Assigned task
Please copy, exactly as written, the span from the first line below to the line that contains "BANGKOK, Aug. 15", including both, and skip the pictures.

Start of Data section

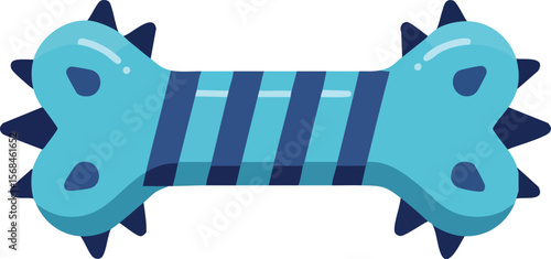 Blue dog bone toy with spikes and stripes for pet play and chewing enjoyment
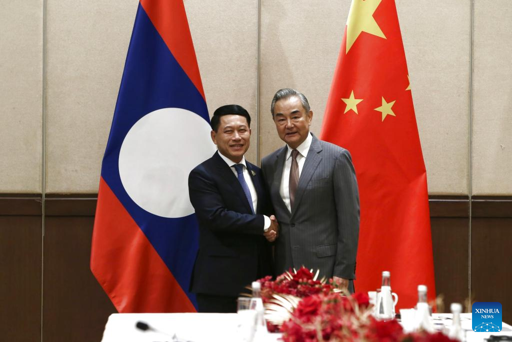 BANGKOK, Aug. 15 (Xinhua) -- Chinese Foreign Minister Wang Yi met with Lao Deputy Prime Minister and Foreign Minister Saleumxay Kommasith in Chiang Mai, Thailand on Thursday on strengthening bilateral relations and cooperation on regional issues, and the situation in Myanmar.
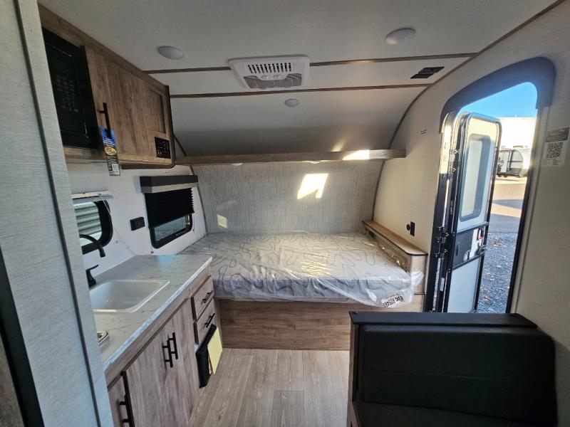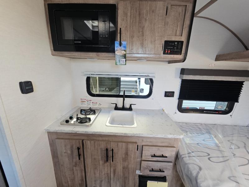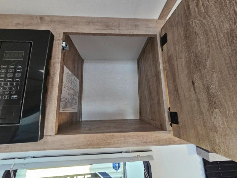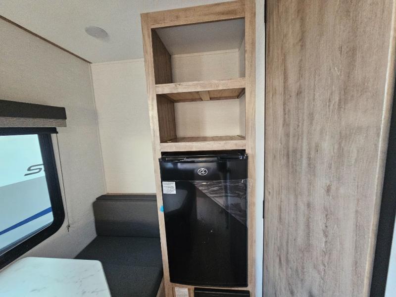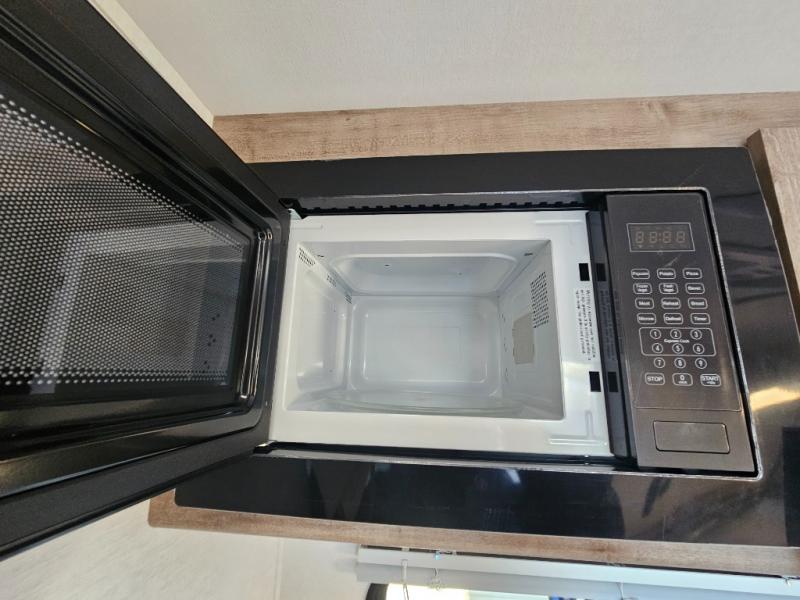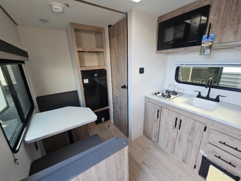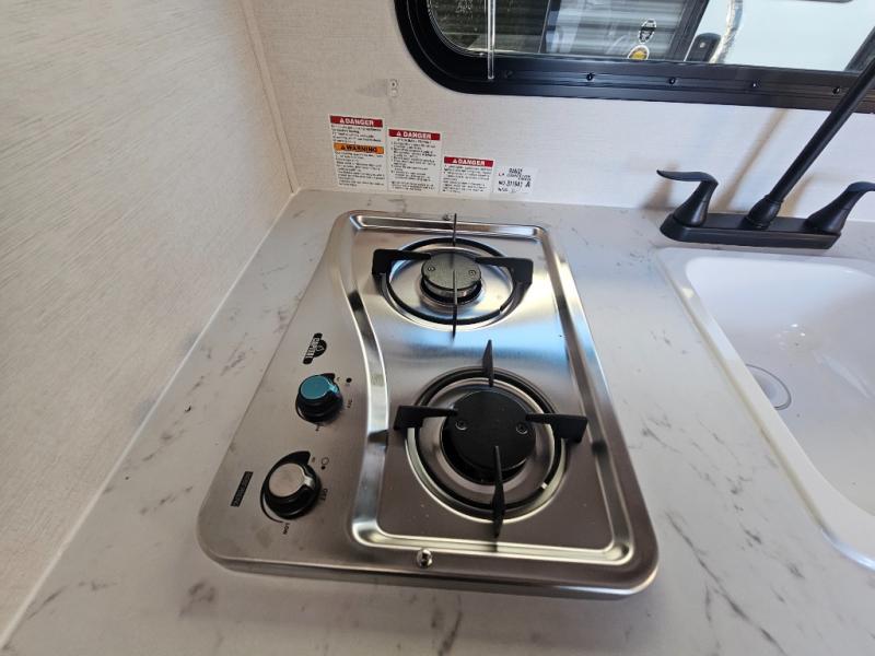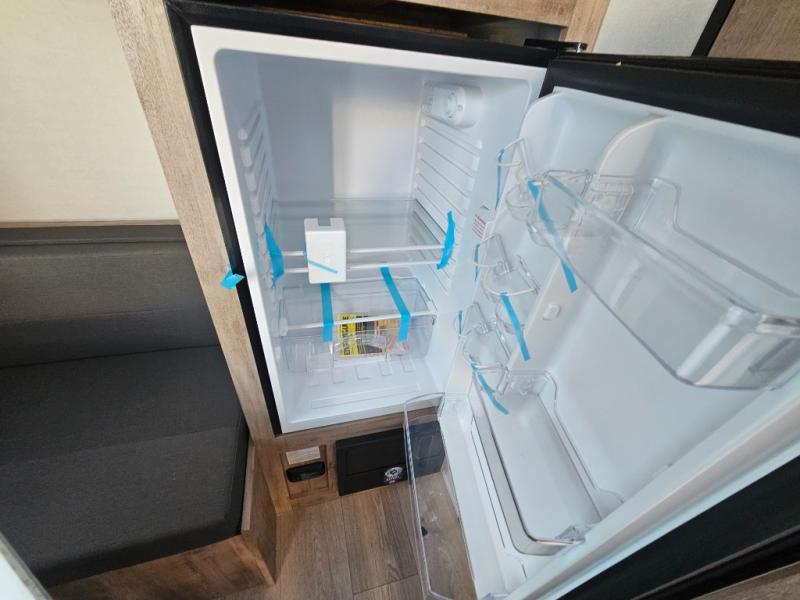You will love these travel trailer appliances! The sleek microwave and spacious refrigerator make meal prep effortless, while the convenient two-burner cooktop lets you cook up tasty meals on the go. The cozy dinette is perfect for savoring meals or enjoying quality time, and the plush bed ensures a rejuvenating night's sleep. Thoughtful storage solutions, including flip-up storage and overhead shelves, keep your belongings tidy and easily accessible. This travel trailer is perfect for anyone seeking a peaceful and adventurous retreat. With its clever design and functional features, it's easy to tow and park, allowing you to explore scenic destinations with ease.

End of Data section

Answer to this task
 Blue dog bone toy with spikes and stripes for pet play and chewing enjoyment
 BANGKOK, Aug. 15 (Xinhua) -- Chinese Foreign Minister Wang Yi met with Lao Deputy Prime Minister and Foreign Minister Saleumxay Kommasith in Chiang Mai, Thailand on Thursday on strengthening bilateral relations and cooperation on regional issues, and the situation in Myanmar.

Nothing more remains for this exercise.